Scratches

Comments on life, the universe and everything from an aging Sixties survivor.

Name:
Location: Massachusetts, United States

Ummm, isn't "about me" part of the point of the blog?

Tuesday, April 06, 2010

The uses of social history

Every spring for the last 39 years, I have fluctuated wildly from hope to despair in this seaside town sticking out into the ocean. Hope is represented by the seductively mild temperatures that prevail from about 8 a.m. until noon, when the temperature often gets well up into the 60s. Despair takes over when the sea breeze sets in, soon after noon in the spring, and plunges the temperatures down to the lower 50s or worse.

From my spouse's perspective, this was once a blessing. Each spring, in a triumph of hope over experience, my late mother would trek down from central New Hampshire for a few days under the illusion that it was going to be warm here. Between the sea breeze and the ice that prevailed between the two women, it was never warm.

We wonders, yes we does, why the 19th century Yankees pitched upon these rocky outcroppings, uninviting ten months of the year, as places to build summer retreats. The chief answer, evidently, is equus urbanicus.

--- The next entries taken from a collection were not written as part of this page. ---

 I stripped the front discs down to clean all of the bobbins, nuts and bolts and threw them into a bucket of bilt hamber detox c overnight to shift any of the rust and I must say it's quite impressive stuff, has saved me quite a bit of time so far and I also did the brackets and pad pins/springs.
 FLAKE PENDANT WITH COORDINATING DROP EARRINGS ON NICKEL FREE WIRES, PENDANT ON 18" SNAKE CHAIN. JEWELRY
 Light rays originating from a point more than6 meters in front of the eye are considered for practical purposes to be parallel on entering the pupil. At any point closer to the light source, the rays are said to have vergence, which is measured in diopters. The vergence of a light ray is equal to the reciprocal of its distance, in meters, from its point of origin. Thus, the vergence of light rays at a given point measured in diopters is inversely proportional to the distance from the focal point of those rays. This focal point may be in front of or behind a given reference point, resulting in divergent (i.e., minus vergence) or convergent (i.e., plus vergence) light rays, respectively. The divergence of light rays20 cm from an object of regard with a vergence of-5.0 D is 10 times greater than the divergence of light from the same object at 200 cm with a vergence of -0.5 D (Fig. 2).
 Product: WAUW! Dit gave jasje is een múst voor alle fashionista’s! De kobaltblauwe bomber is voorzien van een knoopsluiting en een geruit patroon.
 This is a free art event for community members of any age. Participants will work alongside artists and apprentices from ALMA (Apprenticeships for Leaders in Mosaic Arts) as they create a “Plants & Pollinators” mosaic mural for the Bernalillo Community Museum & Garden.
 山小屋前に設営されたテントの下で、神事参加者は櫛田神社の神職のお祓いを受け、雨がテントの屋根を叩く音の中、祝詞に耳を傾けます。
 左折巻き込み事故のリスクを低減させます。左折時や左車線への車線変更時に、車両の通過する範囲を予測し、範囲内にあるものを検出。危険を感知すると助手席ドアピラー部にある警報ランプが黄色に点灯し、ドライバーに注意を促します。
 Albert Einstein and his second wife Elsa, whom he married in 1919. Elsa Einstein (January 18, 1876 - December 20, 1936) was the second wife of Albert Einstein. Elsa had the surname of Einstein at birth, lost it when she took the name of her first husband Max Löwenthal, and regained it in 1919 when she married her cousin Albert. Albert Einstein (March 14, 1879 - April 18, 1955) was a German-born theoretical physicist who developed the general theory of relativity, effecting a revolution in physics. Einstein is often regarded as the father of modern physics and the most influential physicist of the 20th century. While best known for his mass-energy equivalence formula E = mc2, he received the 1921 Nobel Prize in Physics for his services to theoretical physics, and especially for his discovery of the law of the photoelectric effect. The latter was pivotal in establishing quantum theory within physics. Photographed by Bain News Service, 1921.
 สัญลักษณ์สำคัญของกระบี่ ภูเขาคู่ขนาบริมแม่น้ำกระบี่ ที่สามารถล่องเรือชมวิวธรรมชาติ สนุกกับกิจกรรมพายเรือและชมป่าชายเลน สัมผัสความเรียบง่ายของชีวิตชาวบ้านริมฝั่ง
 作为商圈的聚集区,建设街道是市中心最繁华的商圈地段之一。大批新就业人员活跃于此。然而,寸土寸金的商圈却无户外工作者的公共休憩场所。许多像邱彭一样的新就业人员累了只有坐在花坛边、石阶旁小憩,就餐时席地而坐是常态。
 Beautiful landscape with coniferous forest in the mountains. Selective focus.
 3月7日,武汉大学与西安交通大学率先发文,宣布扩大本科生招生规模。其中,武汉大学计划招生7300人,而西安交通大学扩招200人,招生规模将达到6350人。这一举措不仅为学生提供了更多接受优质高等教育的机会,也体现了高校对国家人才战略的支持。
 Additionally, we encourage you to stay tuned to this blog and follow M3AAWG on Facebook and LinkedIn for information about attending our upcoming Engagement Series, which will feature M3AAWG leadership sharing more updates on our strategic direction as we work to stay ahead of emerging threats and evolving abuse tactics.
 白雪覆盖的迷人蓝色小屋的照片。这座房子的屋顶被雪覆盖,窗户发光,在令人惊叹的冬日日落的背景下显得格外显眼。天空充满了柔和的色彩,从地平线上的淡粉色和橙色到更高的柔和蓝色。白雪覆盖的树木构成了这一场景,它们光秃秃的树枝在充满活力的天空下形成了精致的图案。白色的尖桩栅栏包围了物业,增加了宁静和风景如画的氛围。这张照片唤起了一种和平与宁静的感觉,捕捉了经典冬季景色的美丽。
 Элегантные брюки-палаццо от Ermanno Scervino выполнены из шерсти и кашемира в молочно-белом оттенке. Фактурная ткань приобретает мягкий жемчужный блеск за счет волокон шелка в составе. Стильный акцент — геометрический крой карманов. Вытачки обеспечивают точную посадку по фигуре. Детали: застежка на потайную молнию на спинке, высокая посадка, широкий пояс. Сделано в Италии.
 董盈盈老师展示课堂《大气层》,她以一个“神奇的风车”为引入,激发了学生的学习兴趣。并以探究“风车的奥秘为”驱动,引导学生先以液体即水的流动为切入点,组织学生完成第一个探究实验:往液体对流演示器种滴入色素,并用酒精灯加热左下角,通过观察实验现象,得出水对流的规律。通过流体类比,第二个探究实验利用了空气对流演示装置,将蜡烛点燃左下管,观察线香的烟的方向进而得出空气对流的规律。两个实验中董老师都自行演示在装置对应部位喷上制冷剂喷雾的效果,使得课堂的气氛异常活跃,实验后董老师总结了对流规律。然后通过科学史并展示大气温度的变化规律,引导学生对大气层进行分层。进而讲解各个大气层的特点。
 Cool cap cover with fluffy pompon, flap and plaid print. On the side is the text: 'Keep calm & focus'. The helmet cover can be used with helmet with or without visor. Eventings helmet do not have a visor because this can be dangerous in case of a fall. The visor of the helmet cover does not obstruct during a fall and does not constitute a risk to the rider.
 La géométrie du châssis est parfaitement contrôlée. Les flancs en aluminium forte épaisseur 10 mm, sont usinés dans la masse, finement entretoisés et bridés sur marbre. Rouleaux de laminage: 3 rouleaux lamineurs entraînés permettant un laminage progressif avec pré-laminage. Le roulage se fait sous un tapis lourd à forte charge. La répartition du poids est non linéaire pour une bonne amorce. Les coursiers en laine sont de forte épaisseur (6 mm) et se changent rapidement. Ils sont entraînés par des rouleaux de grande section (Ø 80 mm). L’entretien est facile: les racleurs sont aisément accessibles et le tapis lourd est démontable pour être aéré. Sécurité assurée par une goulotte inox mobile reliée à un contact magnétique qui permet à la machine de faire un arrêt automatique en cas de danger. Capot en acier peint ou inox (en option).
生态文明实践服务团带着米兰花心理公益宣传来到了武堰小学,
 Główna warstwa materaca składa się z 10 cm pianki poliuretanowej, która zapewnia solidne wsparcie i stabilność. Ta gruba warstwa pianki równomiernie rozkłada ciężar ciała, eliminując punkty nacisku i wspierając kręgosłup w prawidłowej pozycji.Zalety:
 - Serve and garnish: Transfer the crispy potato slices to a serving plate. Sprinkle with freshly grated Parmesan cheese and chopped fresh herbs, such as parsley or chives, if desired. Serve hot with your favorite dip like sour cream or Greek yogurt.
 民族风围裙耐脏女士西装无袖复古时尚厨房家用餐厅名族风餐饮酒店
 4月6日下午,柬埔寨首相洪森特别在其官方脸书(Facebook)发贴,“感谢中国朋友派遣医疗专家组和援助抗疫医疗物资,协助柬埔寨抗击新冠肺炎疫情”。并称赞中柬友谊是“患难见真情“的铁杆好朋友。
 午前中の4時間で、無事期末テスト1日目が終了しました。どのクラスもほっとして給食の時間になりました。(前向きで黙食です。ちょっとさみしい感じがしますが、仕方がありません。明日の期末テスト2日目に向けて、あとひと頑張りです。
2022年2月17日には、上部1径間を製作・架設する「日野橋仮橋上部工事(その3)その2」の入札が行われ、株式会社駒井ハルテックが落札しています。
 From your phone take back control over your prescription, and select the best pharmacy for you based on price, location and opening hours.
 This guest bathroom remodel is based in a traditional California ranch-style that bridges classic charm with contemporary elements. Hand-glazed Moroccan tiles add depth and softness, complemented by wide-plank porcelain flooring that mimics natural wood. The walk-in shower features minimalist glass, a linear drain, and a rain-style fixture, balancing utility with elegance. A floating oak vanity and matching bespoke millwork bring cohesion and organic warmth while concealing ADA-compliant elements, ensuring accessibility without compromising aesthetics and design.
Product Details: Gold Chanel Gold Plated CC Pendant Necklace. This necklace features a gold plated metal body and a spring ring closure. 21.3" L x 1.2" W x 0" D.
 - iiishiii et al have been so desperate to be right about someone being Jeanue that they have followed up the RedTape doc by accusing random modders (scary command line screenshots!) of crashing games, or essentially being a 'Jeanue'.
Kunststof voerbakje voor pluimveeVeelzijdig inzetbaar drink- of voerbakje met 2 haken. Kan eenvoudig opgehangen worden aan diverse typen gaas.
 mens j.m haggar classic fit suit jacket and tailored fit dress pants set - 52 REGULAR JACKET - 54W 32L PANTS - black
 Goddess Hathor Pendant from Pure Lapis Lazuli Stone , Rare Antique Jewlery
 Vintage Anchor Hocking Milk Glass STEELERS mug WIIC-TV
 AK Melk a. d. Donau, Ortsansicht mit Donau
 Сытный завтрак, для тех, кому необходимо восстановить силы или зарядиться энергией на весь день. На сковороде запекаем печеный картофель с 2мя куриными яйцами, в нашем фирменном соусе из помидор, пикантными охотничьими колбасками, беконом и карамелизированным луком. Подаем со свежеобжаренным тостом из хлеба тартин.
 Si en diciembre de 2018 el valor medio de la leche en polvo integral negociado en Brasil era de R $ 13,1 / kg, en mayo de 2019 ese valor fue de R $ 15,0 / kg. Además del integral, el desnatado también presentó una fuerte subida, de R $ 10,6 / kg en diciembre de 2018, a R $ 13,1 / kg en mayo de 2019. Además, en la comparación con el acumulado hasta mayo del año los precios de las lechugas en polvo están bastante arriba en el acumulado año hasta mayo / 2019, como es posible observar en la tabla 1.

In the 19th century, when there were neither electric trolleys, motorcars, nor air conditioned houses, the daily scrapings of horse manure from Boston streets alone measured in the many tons. Do a little math to figure what New York was like. If you're city raised, you may not appreciate the olfactory effect that happens when one raises even a ton or two of animal manure to 90 degrees F. for a few hours, every day, for a couple of months. Cities, then, were literally full of shit. Worse, abuse of draught animals was widespread (that's why the SPCA got started, duh!) and it wasn't uncommon for horses to die in harness. Their socially unconscious owners would simply unhitch the carcass, shove it to the gutter (or not), and leave it to decay and to carrion feeders. Oh, add to that the odour of the Great Unwashed when they really were unwashed. No, cities were not places the gently raised preferred to spend their summers.

Against that backdrop, freezing ocean water, sea breezes that are pure cheats in every month but July and August, and "beaches" comprised of tennis ball sized rocks probably seemed like a garden of earthly delights.

3 Comments:

Blogger malevolent andrea said...

Hey, I like your rocky beach! It's pretty and I can buy sandwiches there and the restrooms are convenient. :-) *Our* beach actually does smell like shit at low tide. (You'd think they'd have fixed the algae problem by now, but no.)

1:32 am  
Blogger Uncle said...

(Ms. M-A left this comment last night. I published it this morning, and Blogger.com promptly swept it out to sea. So here it is again.

malevolent andrea has left a new comment on your post "The uses of social history":

Hey, I like your rocky beach! It's pretty and I can buy sandwiches there and the restrooms are convenient. :-) *Our* beach actually does smell like shit at low tide. (You'd think they'd have fixed the algae problem by now, but no.)

12:25 am  
Blogger Uncle said...

Now of course it shows up. Go figure.